__MATERIAL PROVIDED__.
++++++++++

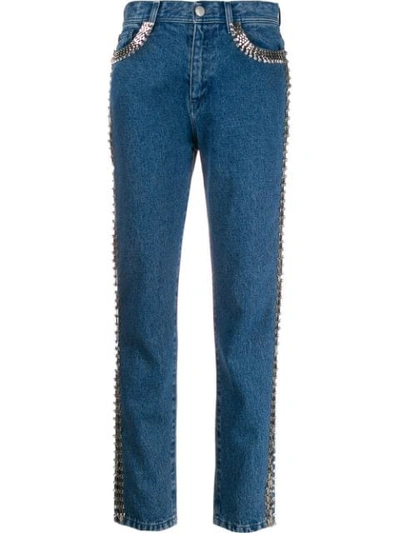 Blue cotton embellished side-stripe jeans from Christopher Kane.
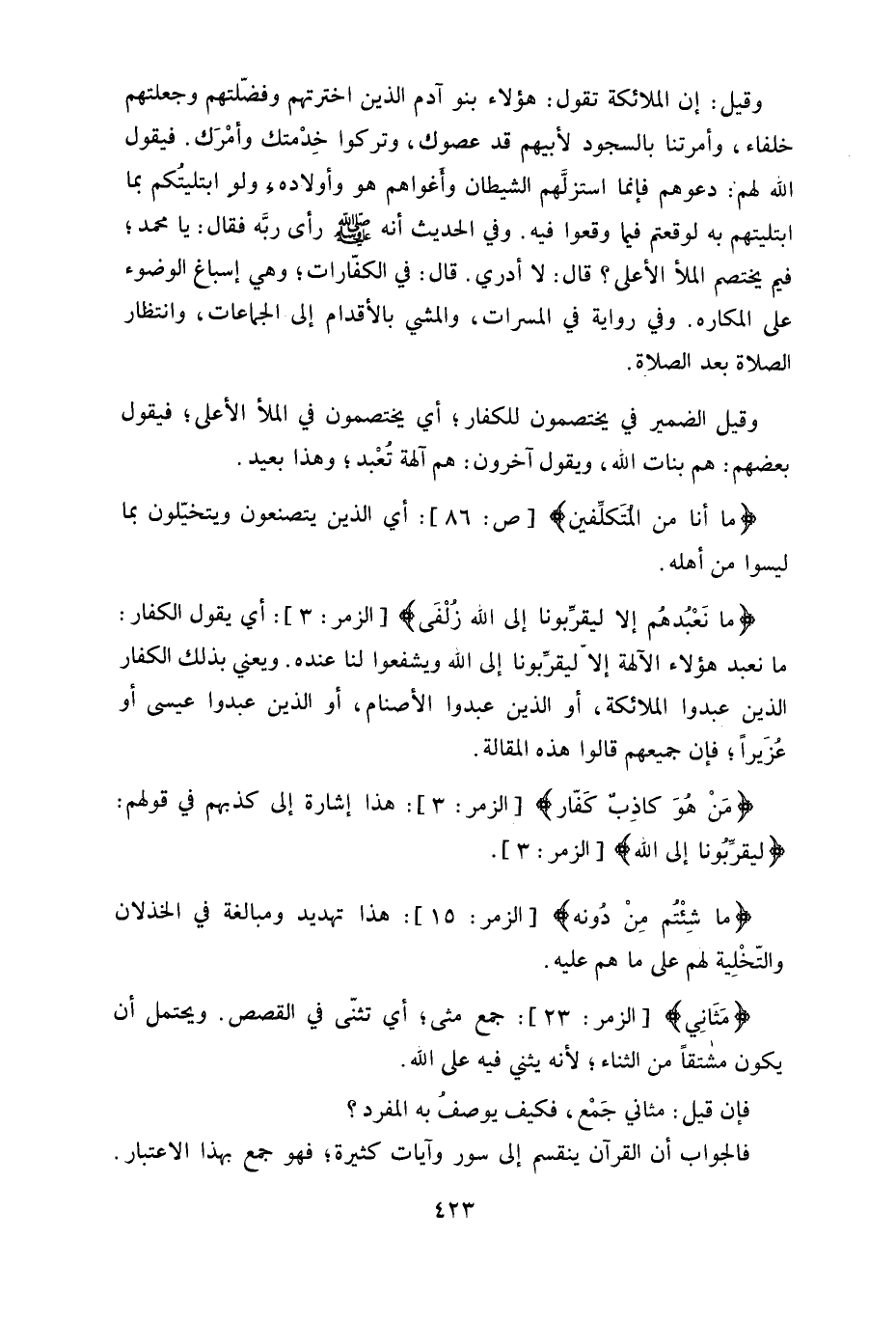 وقيل الضمير في يختصمون للكفار، أي يختصمون في الملأ الأعلى، فيقول
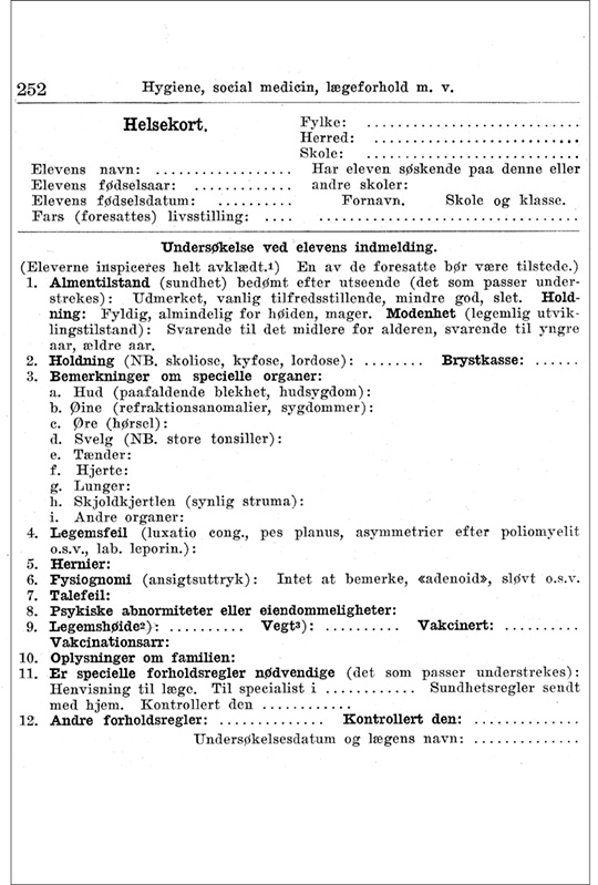 Jeg skal da først omtale undersøkelsen, det at finde frem ikke alene de syke barn, men hvad der for den generelle folkehelse og dermed for kampen mot tuberkulosen er det ulike viktigste, først og fremst de svaktbyggede barn, barnene med daarlig almentilstand uten sykelige symptomer – denne fundamentale sak, som har været saa sørgelig forsømt. Man maa jo istemme, hvad den fremragende skolebarnhygieniker og glimrende organisatoriske kraft, prof. Emerson i Boston sier: «Man har ikke betragtet skolebarn som syke, saalænge de har kunnet staa paa benene.» Jeg vil ogsaa fremhæve den skjæbnesvangre slendrian, at man slaar sig til ro med at et barn er slapt, fordi det har vokset saa sterkt. Man blir aldeles ikke slap av at vokse – og det endog sterkt i perioder, hvilket er normalt -, hvis bare disciplinen i hjemmet indretter sig paa disse vekstperioder, – hvis hjem, skole og læger forstaar dem.

++++++++++

__WORK ORDER__. Starting at the first line of the listing above, write out each line exactly and nothing else until you reach the line containing "وقيل الضمير في", which is included as well; omit all pictures.

__RESULT OF THIS EXERCISE__.
 Blue cotton embellished side-stripe jeans from Christopher Kane.
 وقيل الضمير في يختصمون للكفار، أي يختصمون في الملأ الأعلى، فيقول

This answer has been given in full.